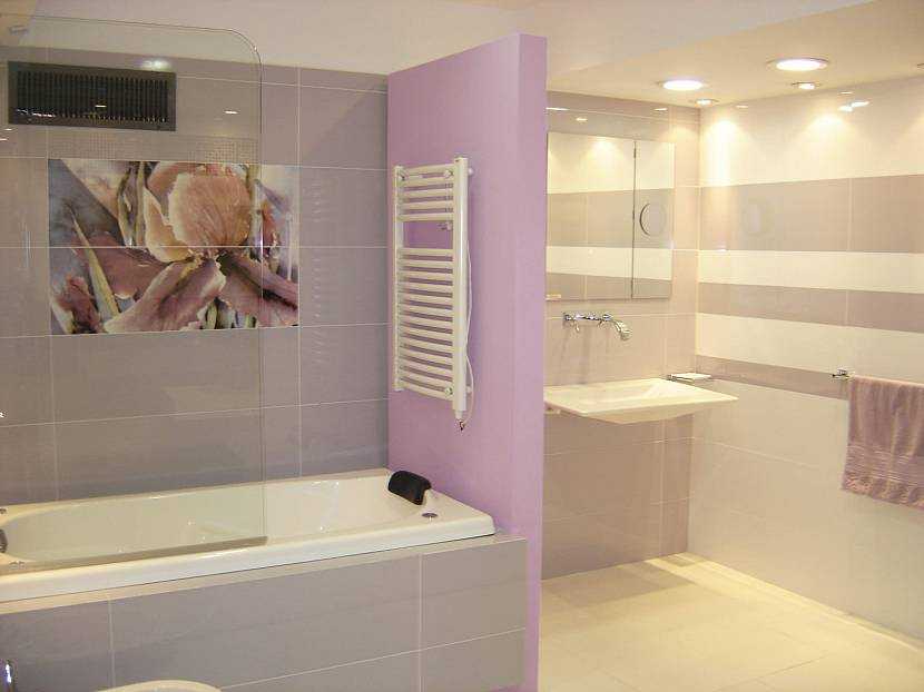 Интересным вариантом является взаимодействие в одном помещении сиреневой плитки разных тонов, с помощью которых становится возможным легко поделить пространство ванной комнаты на зоны. Для этой цели достаточно двух оттенков одного цветового колера.
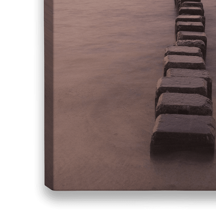 Een krib van betonnen staketsels rijst niet hoog uit het water, maar leidt het oog als een landingsbaan naar de horizon.
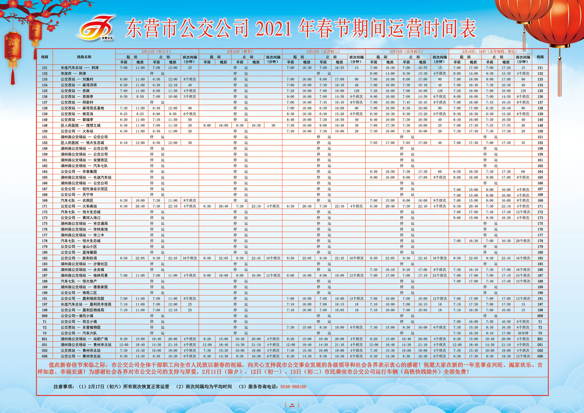 值此新春佳節(jié)來臨之際,市公交公司全體干部職工向全市人民致以新春的祝福,向關(guān)心支持我市公交事業(yè)發(fā)展的各級(jí)領(lǐng)導(dǎo)和社會(huì)各界表示衷心的感謝!祝愿大家在新的一年里事業(yè)興旺、闔家歡樂、吉祥如意、幸福安康!為感謝社會(huì)各界對(duì)市公交公司的支持與厚愛,2月11日(除夕)、12日(初一)、13日(初二)市民乘坐市公交公司運(yùn)行車輛(高鐵快線除外)全部免費(fèi)!
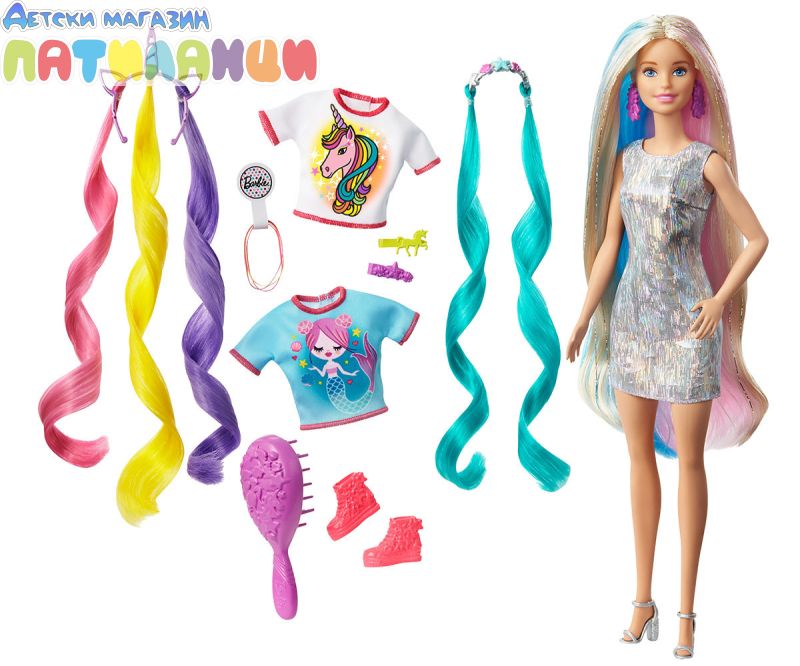 Тези кукли Barbie® имат цветни блестящи коси, които могат да станат още по-фантастични!
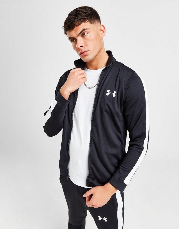 Stay fresh in between workouts with this men's Poly Tracksuit from Under Armour. In a Black colourway, this standard-fit set is made with smooth, lightweight polyester for lasting comfort. It features a long-sleeve track top with a full-zip fastening and a raised collar for a custom look. The matching track pants have an elasticated waistband with a drawcord to adjust the fit, while stretchy ribbed trims throughout deliver a secure, streamlined feel. With pockets for easy storage, it's finished with contrasting White panels down the sides, and classic Under Armour branding at the chest and thigh. Machine washable. | Our model is 6'2" with a 37" chest and wears a size medium.
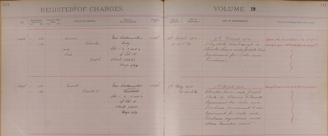 | NW, CB vol. 19, folio 114, no. 13460F | 26 April 1910 | On 26 April 1910, at New Westminster Land Registry Office, Lewis Charles and Joseph Reid were registered as the owners of a charge against Lots 1, 2, 3 and 4 by agreement for sale and purchase dated 7 March 1910 from Elizabeth Hembrough. | 12 |
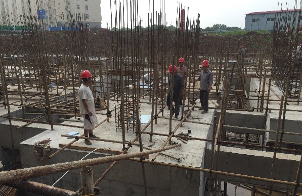 現(xiàn)場指揮部總指揮謝總工帶我們參觀了現(xiàn)場并大概介紹了各個(gè)棟號施工進(jìn)度等方面的情況。我們首先進(jìn)入16#樓施工現(xiàn)場,該棟號的項(xiàng)目經(jīng)理徐斌親自現(xiàn)場督促,施工現(xiàn)場緊鑼密鼓的進(jìn)行基礎(chǔ)承臺柱墻的鋼筋綁扎工作。剛剛完成的現(xiàn)澆混凝土承臺及承臺梁整體觀感好,整潔干凈、規(guī)范美觀。據(jù)謝總工介紹施工人員在混凝土澆筑時(shí),先攤平振搗密實(shí),然后用抹子抹平,緊接著再用掃帚在已抹好的面層上輕輕掃一遍,再用薄膜覆蓋住才能達(dá)到好的效果。承臺上正在綁扎鋼筋的墻柱,每個(gè)樣板上都張貼著相應(yīng)的構(gòu)件尺寸及鋼筋信息,便于檢查核對和施工操作,體現(xiàn)出該工程現(xiàn)場施工人員嚴(yán)謹(jǐn)認(rèn)真的工作態(tài)度。
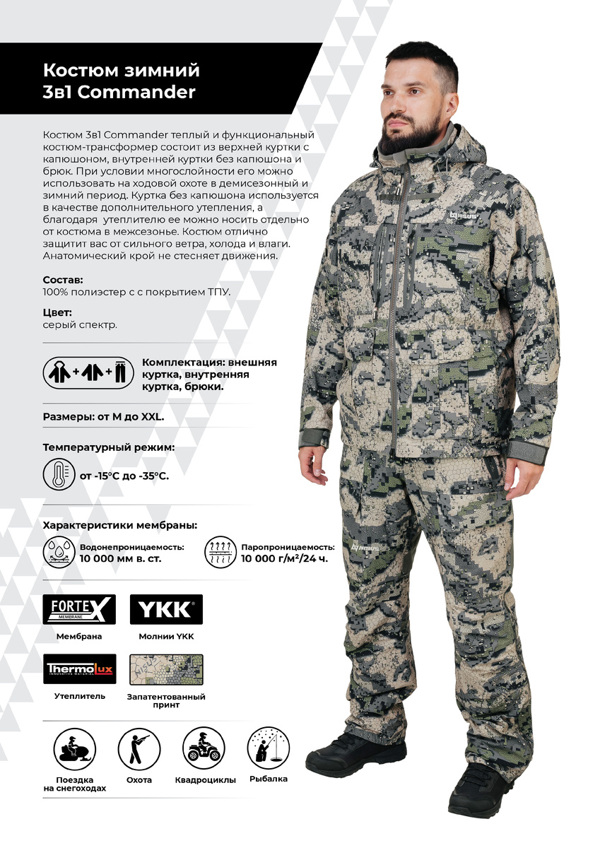 Зимний костюм 3в1 Commander – новинка бренда NISUS, ориентированная на любителей охоты. Костюм 3в1 Commander теплый и функциональный костюм-трансформер состоит из верхней куртки с капюшоном, внутренней куртки без капюшона и брюк. При условии многослойности его можно использовать на ходовой охоте в демисезонный и зимний период. Куртка без капюшона используется в качестве дополнительного утепления, а благодаря утеплителю ее можно носить отдельно от костюма в межсезонье. Костюм отлично защитит вас от сильного ветра, холода и влаги. Анатомический крой не стесняет движения. Штормовая мембрана Fortex с показателями 10 000/10 000 и с покрытием ТПУ обеспечивает хорошую паропроницаемость, что помогает избежать перегрева, а также оставаться сухим при активных физических нагрузках. Уникальный утеплитель Thermolux по теплоизолирующим характеристикам идентичен натуральному пуху, но при этом имеет ряд преимуществ: эластичность, гипоаллергенность, простота в уходе, не скатывается и не деформируется.
═══
Your goal:
Transcribe the whole listing, character for character, but not its images.

Result of the task:
 Интересным вариантом является взаимодействие в одном помещении сиреневой плитки разных тонов, с помощью которых становится возможным легко поделить пространство ванной комнаты на зоны. Для этой цели достаточно двух оттенков одного цветового колера.
 Een krib van betonnen staketsels rijst niet hoog uit het water, maar leidt het oog als een landingsbaan naar de horizon.
 值此新春佳節(jié)來臨之際,市公交公司全體干部職工向全市人民致以新春的祝福,向關(guān)心支持我市公交事業(yè)發(fā)展的各級(jí)領(lǐng)導(dǎo)和社會(huì)各界表示衷心的感謝!祝愿大家在新的一年里事業(yè)興旺、闔家歡樂、吉祥如意、幸福安康!為感謝社會(huì)各界對(duì)市公交公司的支持與厚愛,2月11日(除夕)、12日(初一)、13日(初二)市民乘坐市公交公司運(yùn)行車輛(高鐵快線除外)全部免費(fèi)!
 Тези кукли Barbie® имат цветни блестящи коси, които могат да станат още по-фантастични!
 Stay fresh in between workouts with this men's Poly Tracksuit from Under Armour. In a Black colourway, this standard-fit set is made with smooth, lightweight polyester for lasting comfort. It features a long-sleeve track top with a full-zip fastening and a raised collar for a custom look. The matching track pants have an elasticated waistband with a drawcord to adjust the fit, while stretchy ribbed trims throughout deliver a secure, streamlined feel. With pockets for easy storage, it's finished with contrasting White panels down the sides, and classic Under Armour branding at the chest and thigh. Machine washable. | Our model is 6'2" with a 37" chest and wears a size medium.
 | NW, CB vol. 19, folio 114, no. 13460F | 26 April 1910 | On 26 April 1910, at New Westminster Land Registry Office, Lewis Charles and Joseph Reid were registered as the owners of a charge against Lots 1, 2, 3 and 4 by agreement for sale and purchase dated 7 March 1910 from Elizabeth Hembrough. | 12 |
 現(xiàn)場指揮部總指揮謝總工帶我們參觀了現(xiàn)場并大概介紹了各個(gè)棟號施工進(jìn)度等方面的情況。我們首先進(jìn)入16#樓施工現(xiàn)場,該棟號的項(xiàng)目經(jīng)理徐斌親自現(xiàn)場督促,施工現(xiàn)場緊鑼密鼓的進(jìn)行基礎(chǔ)承臺柱墻的鋼筋綁扎工作。剛剛完成的現(xiàn)澆混凝土承臺及承臺梁整體觀感好,整潔干凈、規(guī)范美觀。據(jù)謝總工介紹施工人員在混凝土澆筑時(shí),先攤平振搗密實(shí),然后用抹子抹平,緊接著再用掃帚在已抹好的面層上輕輕掃一遍,再用薄膜覆蓋住才能達(dá)到好的效果。承臺上正在綁扎鋼筋的墻柱,每個(gè)樣板上都張貼著相應(yīng)的構(gòu)件尺寸及鋼筋信息,便于檢查核對和施工操作,體現(xiàn)出該工程現(xiàn)場施工人員嚴(yán)謹(jǐn)認(rèn)真的工作態(tài)度。
 Зимний костюм 3в1 Commander – новинка бренда NISUS, ориентированная на любителей охоты. Костюм 3в1 Commander теплый и функциональный костюм-трансформер состоит из верхней куртки с капюшоном, внутренней куртки без капюшона и брюк. При условии многослойности его можно использовать на ходовой охоте в демисезонный и зимний период. Куртка без капюшона используется в качестве дополнительного утепления, а благодаря утеплителю ее можно носить отдельно от костюма в межсезонье. Костюм отлично защитит вас от сильного ветра, холода и влаги. Анатомический крой не стесняет движения. Штормовая мембрана Fortex с показателями 10 000/10 000 и с покрытием ТПУ обеспечивает хорошую паропроницаемость, что помогает избежать перегрева, а также оставаться сухим при активных физических нагрузках. Уникальный утеплитель Thermolux по теплоизолирующим характеристикам идентичен натуральному пуху, но при этом имеет ряд преимуществ: эластичность, гипоаллергенность, простота в уходе, не скатывается и не деформируется.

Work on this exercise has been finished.